I condoni sono serviti a fare cassa, ma non a “sanare” l’evasione che continua a sottrarre ingenti risorse allo Stato. E anche la “pace fiscale” che il Governo Conte vuole introdurre nel 2019 rischia di assicurare un gettito molto inferiore alle attese. Il giudizio senza appello arriva dall’Ufficio studi della Cgia di Mestre che sottolinea come negli ultimi 45 anni il recupero è stato di 131,8 miliardi di euro: una cifra molto inferiore a quella “evasa” che ammonta a 110 miliardi l’anno
“Premesso che l’evasione fiscale va contrastata ovunque essa si annidi –sottolinea il coordinatore dell’Ufficio studi Paolo Zabeo – è comunque bene ricordare che nel rapporto tra il fisco e il contribuente la parte maggiormente lesa non è il primo, bensì il secondo.
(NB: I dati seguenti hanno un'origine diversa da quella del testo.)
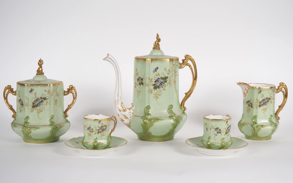 LIMOGES. Partie de service à café en porcelaine à décor émaillé polychrome et doré de fleurs sur fond célandon, comprenant : - Une cafetière ( petite égrenure sur la prise du couvercle) - Un sucrier - Un pot à lait - 7 tasses et sous tasses
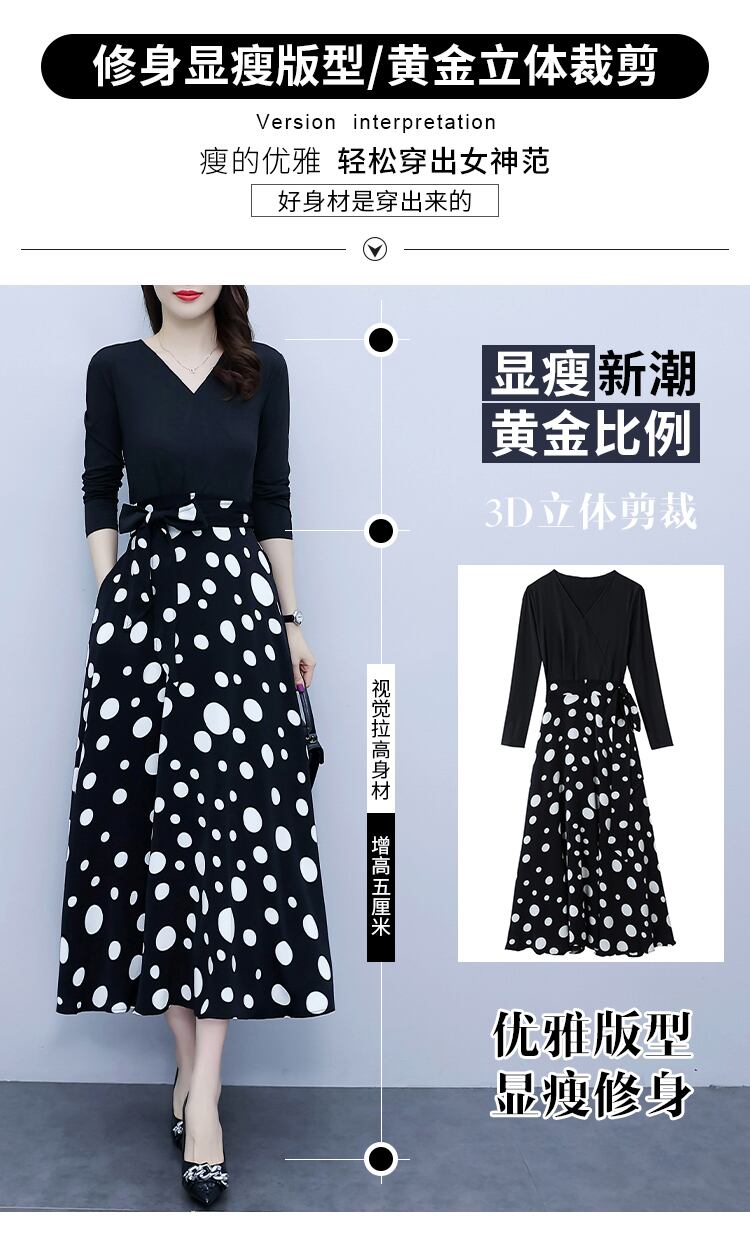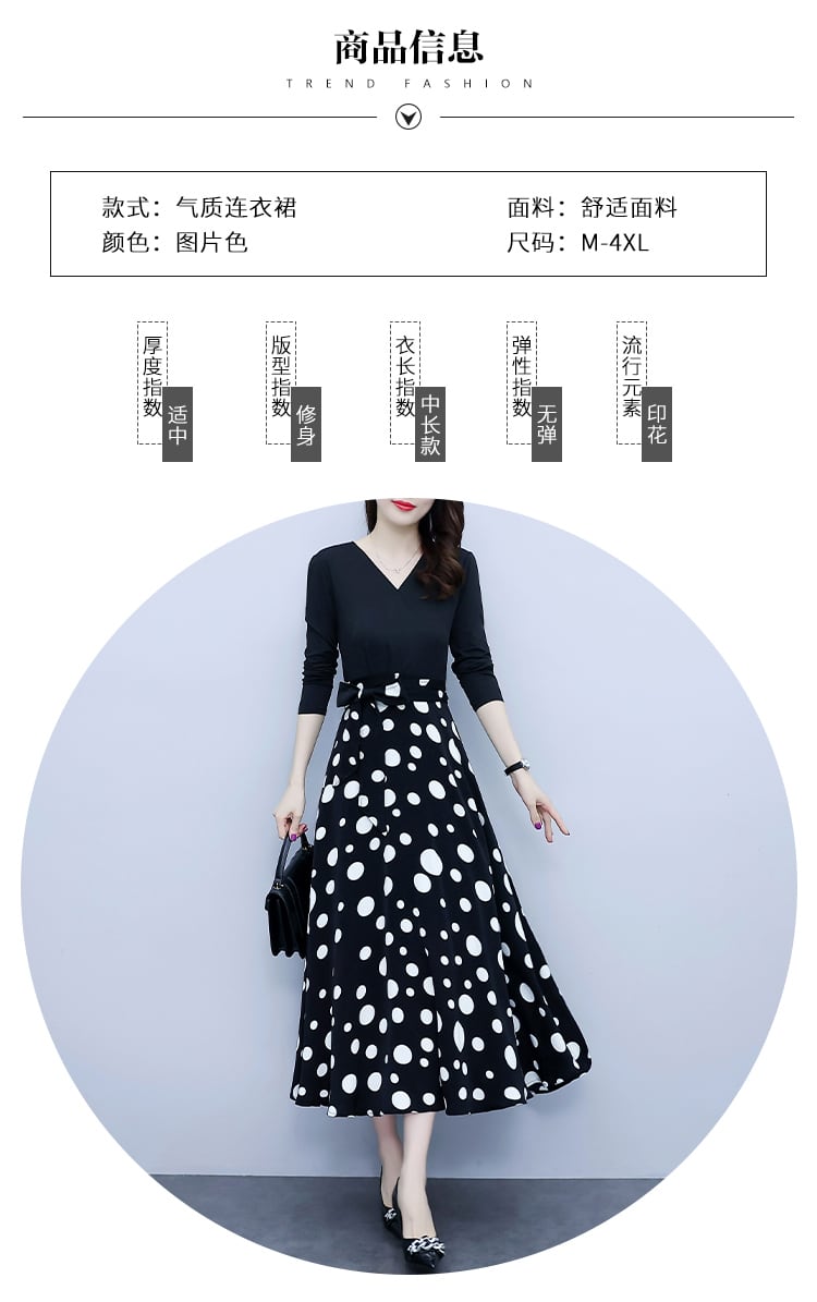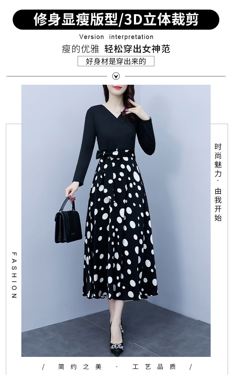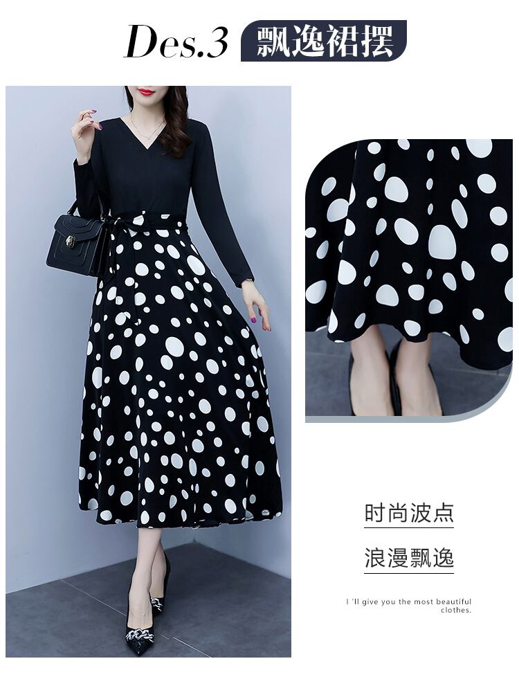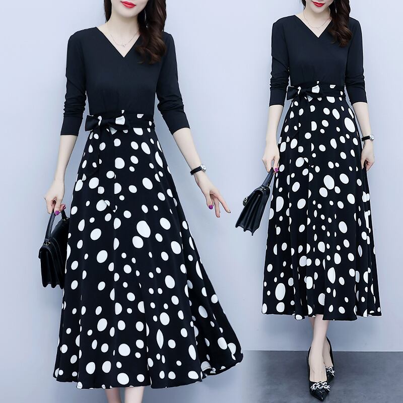 水玉ドレス オータムウェスト薄手Aラインロングスカート 大きめサイズ 秋物 muto42945745128

Se, infatti, teniamo conto degli effetti economici riconducibili al cattivo funzionamento della macchina pubblica, i danni subiti dai cittadini e dalle imprese sono nettamente superiori a quelli arrecati allo Stato dagli evasori attraverso il mancato pagamento di tasse e contributi”.
La Cgia ricorda che sono circa 20 milioni i contribuenti italiani che hanno un debito con il fisco. Di questi, l’82 per cento, pari a 16.340.000 persone, deve versare un importo inferiore a 10 mila euro. Complessivamente i ruoli da riscuotere ammontano a 871 miliardi di euro. Se teniamo conto dei soggetti falliti o delle persone decedute, dei casi in cui la riscossione risulta sospesa, delle situazioni in cui sono in atto delle rateizzazioni il residuo aggredibile scende a 84,2 miliardi che include anche i debiti per i quali i contribuenti non possono essere perseguiti a seguito delle disposizioni previste dalla legge.
Oltre agli evasori tradizionali una buona parte dei 110 miliardi che annualmente vengono sottratti al fisco sono imputabili alle azioni elusive delle società di capitali, alle multinazionali del web e alla fuga di alcune grandi aziende che hanno spostato le sedi fiscali nei Paesi con una marcata fiscalità di vantaggio per pagare meno tasse.